Короткий зимний день проходил быстро. Поработали чего-то, поговорили, похлебали щец, опять поработали, за окном смеркаться начинает. Митька стал одеваться. Как только кто из домашних с работы вернется, надо будет поспешить на конюшню.
О Кланьке со времени Андрюхиного возвращения Митька и думать забыл. Промелькнет, случалось, она перед глазами — шевельнется где-то глубоко-глубоко сожаление о том, что ушли невозвратно минуты любви их зазорной, и опять потечет жизнь в тех же повседневных заботах, мыслях и трудах. Намерение поговорить начистоту с Андрюхой, по правде сказать, с некоторых пор Митьку и не тревожило. Он с облегчением трезво рассудил, что молчание его спасительно и для самого Андрюхи. Зачем, уговаривал себя Митька, отравлять несколько примирившуюся с нынешним существованием Андрюхину душу?..
10
Она пришла за полночь.
Митька почистил стойла, задал корму лошадям и дремал, сидя у столика и изредка пробуждаясь, чтобы подбросить в железную печурку дровишек или прикрутить коптящий фитиль в лампе. Ночной порой в конюшне по обыкновению вроде как вымерзли звуки. Лишь переступали с ноги на ногу да уныло всхрапывали голодные лошади и поскрипывала худо прилаженная дверь. Шуршала на сквозняке солома, а за бревенчатыми стенами, на воле, вовсю свистел январский студеный ветер.

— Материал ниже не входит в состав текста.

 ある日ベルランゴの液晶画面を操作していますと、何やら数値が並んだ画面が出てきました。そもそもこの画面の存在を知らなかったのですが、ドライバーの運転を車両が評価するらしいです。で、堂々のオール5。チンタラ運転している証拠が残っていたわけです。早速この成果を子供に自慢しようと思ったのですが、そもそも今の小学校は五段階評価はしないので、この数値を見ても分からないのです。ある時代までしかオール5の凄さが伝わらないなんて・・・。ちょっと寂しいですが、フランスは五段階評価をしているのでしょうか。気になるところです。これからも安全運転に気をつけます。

От резкого скрипа двери Митька встрепенулся, повернул голову. Затрепетал в лампе огонек, забыто пошли в пляс тени на стенах. Ничего покуда не поняв, он ощутил, как торопливо, вроде как мотор трактора, застучало в груди сердце. И только разглядев идущую к нему Кланьку, малость успокоился. Девка вынырнула из тени и, не позволив Митьке опомниться, повисла у него на шее. Он увидел близко-близко от себя темные пятна Кланькиных глаз. Минуту-другую ошарашенно молчал.
— Ты чего, Клань? — спросил наконец. — Чего тебе?

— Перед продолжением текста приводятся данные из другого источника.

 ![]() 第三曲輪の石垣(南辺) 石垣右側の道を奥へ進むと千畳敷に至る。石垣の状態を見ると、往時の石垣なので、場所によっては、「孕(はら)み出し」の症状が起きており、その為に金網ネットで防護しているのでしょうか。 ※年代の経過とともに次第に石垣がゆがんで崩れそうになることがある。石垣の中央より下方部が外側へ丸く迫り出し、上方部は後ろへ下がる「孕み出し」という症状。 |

— Митенька, родимый мой Митенька! — запричитала она шепотом. — Неужто вовсе позабыл меня, миленочек? Неужто зарубки никакой на сердечке твоем любовь наша не оставила?
Оставила, оставила! Какую еще зарубку оставила! Сейчас Митька понял это так, что душу свело от боязни за себя: не сдержаться ему, не одолеть влечения к Кланьке! А любовь их ныне, при Андрюхе, стала бы предательской не в пример прежнему.

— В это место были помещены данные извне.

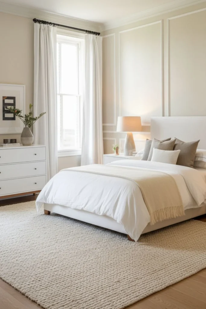 Greige, a blend of grey and beige, has become a go-to color for modern homes. It offers the perfect balance between cool and warm tones, creating a soft, sophisticated backdrop for any decor style. Greige walls pair beautifully with minimalist, Scandinavian, or transitional interiors, making it a versatile option for both small and large bedrooms.

Что-то толкнуло его, однако, изнутри, и такими ничтожными представились Митьке он сам и искусительница его, что впору было завыть от омерзения к себе и Кланьке. Захотелось оттолкнуть девку, прогнать тотчас же, чтобы навек освободиться от всего, что породило в прошлом и наверняка могло породить в будущем вину его перед братом-инвалидом. Вместе с тем он сознавал, что нет в нем решительной твердости, чтобы отважиться немедля на бесповоротный шаг.
— Митенька, — опять зашептала Кланька, — давеча, сказывали, в Антоново повестки двадцать пятому году прислали. Не сегодня-завтра и об вас, марьинских, вспомнят… Митенька, родимый мой, знаю, душа твоя покоя лишилась, маешься грехом перед Андрюшей… Зря маешься, Митенька, зря… Сердце, в любви рассуждать не умеет. Не изводи себя, милый. Сыми с души запоры-то. Люби, покуда любится. А то ведь как придет повестка-то… — Она всхлипнула: — Разлучит нас война проклятая бог весть на сколько. И свидимся ли? Ох, чего это я, глупая, несу? Закончится когда-нито война проклятущая, и воротишься ты. Уж как я тебя ждать буду, уж какой верной тебе останусь! Никто не нужон мне, Митенька. Один ты…
Не услышь он от нее этих слов, как знать, быть может, вовсе по-иному прожил бы он свою последнюю «штатскую» ночь в Марьине. А как услыхал Кланькины речи о верности да преданности, тотчас Андрюха возник перед глазами: лицо, волосом рыжеватым обросшее, глаза малоподвижные, завязки кальсонин, до полу свисающие, самокрутка, сильными пальцами левой руки зажатая, да рукав правый, за пояс кальсон заткнутый. И ведь никому не ведомо, какие мысли текут у него в голове и душу ему жгут, и никто, кроме их двоих, не помнит, что за слова Кланька нашептывала Андрюхе, провожая его в Красную Армию. Не привелось ли брату в свое время слышать столь же сладкие Кланькины речи?